Taking Our Advocacy to the Next Level: Young People Demand a Seat

Author: Anna Whittle

Guns are the number one killer of my generation. Since I’ve been a student at Hope College inMichigan, there’ve been at least two school mass shootings in the state. On Nov. 30, 2021, Tate Myre, Hana St. Juliana, Madisyn Baldwin, and Justin Shilling were shot and killed at Oxford High School. In the wake of the Oxford school shooting, my friends and I established a Students Demand Action group at Hope College. Being a founding member and leader for Students Demand Action at my college has taught me so much about how to lead when emotions are high and tragedy is present.

Our new Students Demand Action group was just beginning to gain momentum when a tragedy close to home forced us to quickly spring into action. Almost a year and half after the horrific Oxford shooting, on February 13, 2023, Arielle Diamond Anderson, Brian Fraser, and Alexandria Verner were shot and killed at Michigan State University. While it’s easy to be disengaged from a problem that’s not affecting you directly, it’s impossible to do nothing and ignore gun violence when it hurts someone you know.

The Michigan State shooting was a spark for many Hope students, who had friends and family on campus that night. People from across the state showed up in droves to demand common-sense gun legislation at the State Capitol in Lansing. I even led a trip for Hope College students to attend a rally with Giffords and Moms Demand Action, where we advocated for a package of three common-sense gun violence prevention bills. That day in Lansing sparked something within me as I heard the stories of leaders, legislators, and students affected by gun violence. I knew that I wanted to continue to be involved in the gun violence prevention movement, not only at Hope College, but also on a larger scale.

Earlier this year, Governor Whitmer went on to sign the three common-sense gun safety bills I advocated for: Establishing universal background checks, extreme risk protection orders, and laying out safe storage requirements. I remember celebrating all these wins with our Students Demand Action group at Hope.

Still, I wanted to do more. After applying, interviewing, and being selected, I had the amazing opportunity to travel to Denver, Colorado over fall break to participate in the inaugural Demand a Seat: Students Edition program. Demand a Seat is an election training program hosted by Everytown for Gun Safety, where we learn from seasoned campaign pros, politicians, and their staff about the fundamentals of building a winning campaign. During this extensive three-day program 40 high school and college students from across the United States came together to learn about the ins and outs of campaigns and build community with one another.

My generation is sick and tired of politicians putting their political careers over our safety, so we are not only holding our current elected officials accountable, but we’re now demanding a seat at the table. Because we should have a say in the decisions being made about our futures. If current lawmakers refuse to change, then we will just work to replace them by running for office or working on campaigns. Our weekend in Denver was all about empowering young people to demand action by teaching us the fundamentals of political campaigns. Overall, the message from program leaders, guest speakers, and fellow students was crystal clear: Young people are not the future— we are the now. My time in Denver was meaningful because it restored my faith in the political system by reminding me that change is possible and that students like me can be at the forefront of the change we hope to see within politics.

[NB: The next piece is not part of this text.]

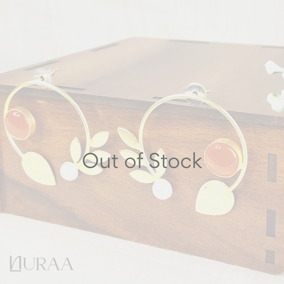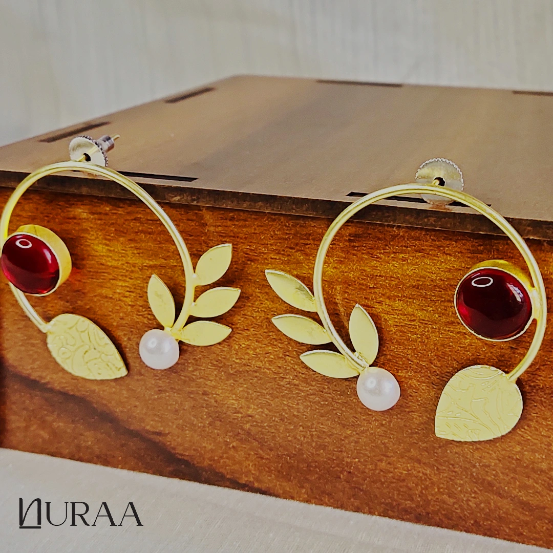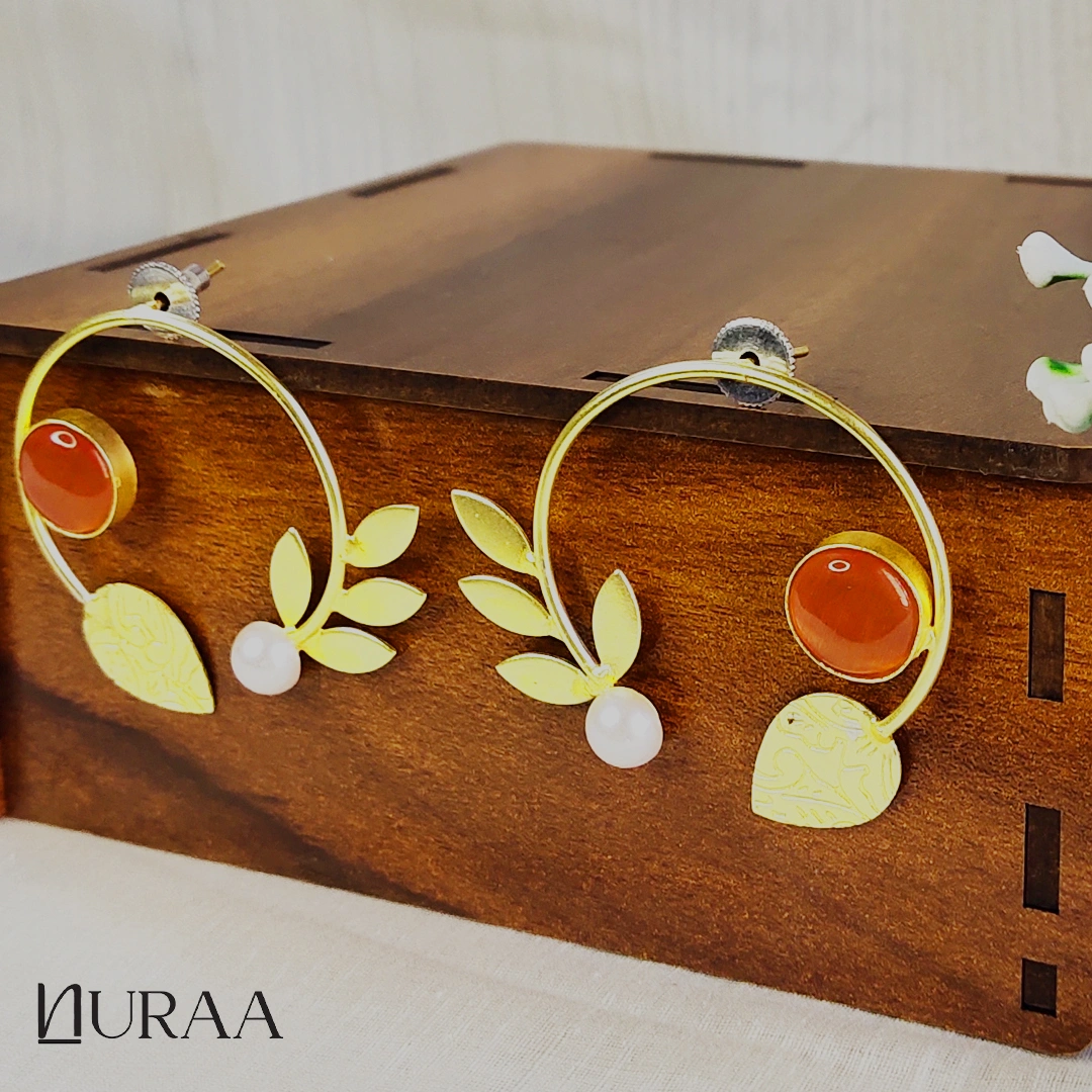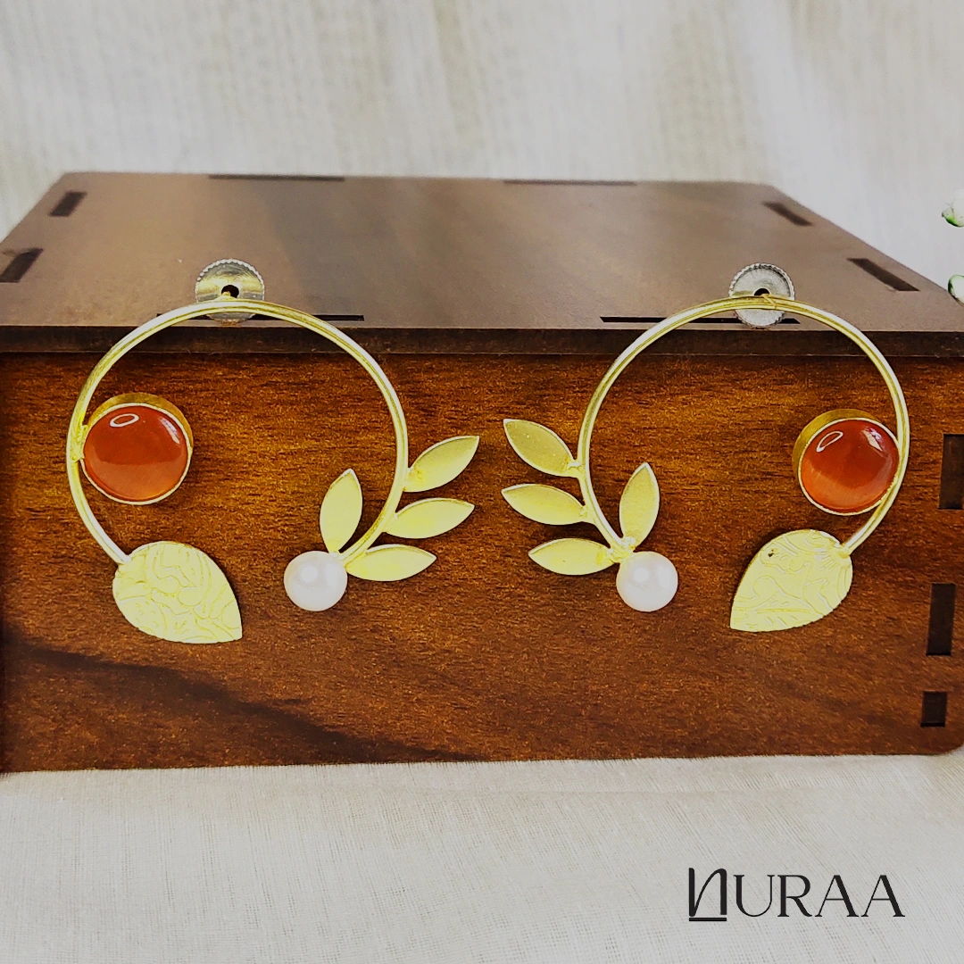 Modern elegance meets artistic detailing in these Leaf Aura Hoop Earrings. Designed with a graceful circular frame, embossed leaf motifs, a luminous pearl, and a glossy cat-eye stone, these earrings bring a fresh, nature-inspired charm to your everyday and festive looks. Lightweight, chic, and versatile — perfect for those who love subtle statement jewellery.

Guns are the leading cause of death for children, teens and college-aged people in America. But while we continue to bear the brunt of this crisis, we’re also leading the fight to end it. At least seven Michigan students have been killed during school mass shootings in the past two years, and hundreds of Michiganders die by guns every single year. Something needs to change, and my participation in Demand a Seat: Students Edition showed me that young people will be the ones demanding this change and replacing those who refuse to protect us.

Anna Whittle is a junior at Hope College, studying Environmental Studies and Women’s & Gender Studies. She enjoys being a part of the gun violence prevention movement and has filled many volunteer roles for Hope’s group including Communications Lead, Interim President, and Event Lead.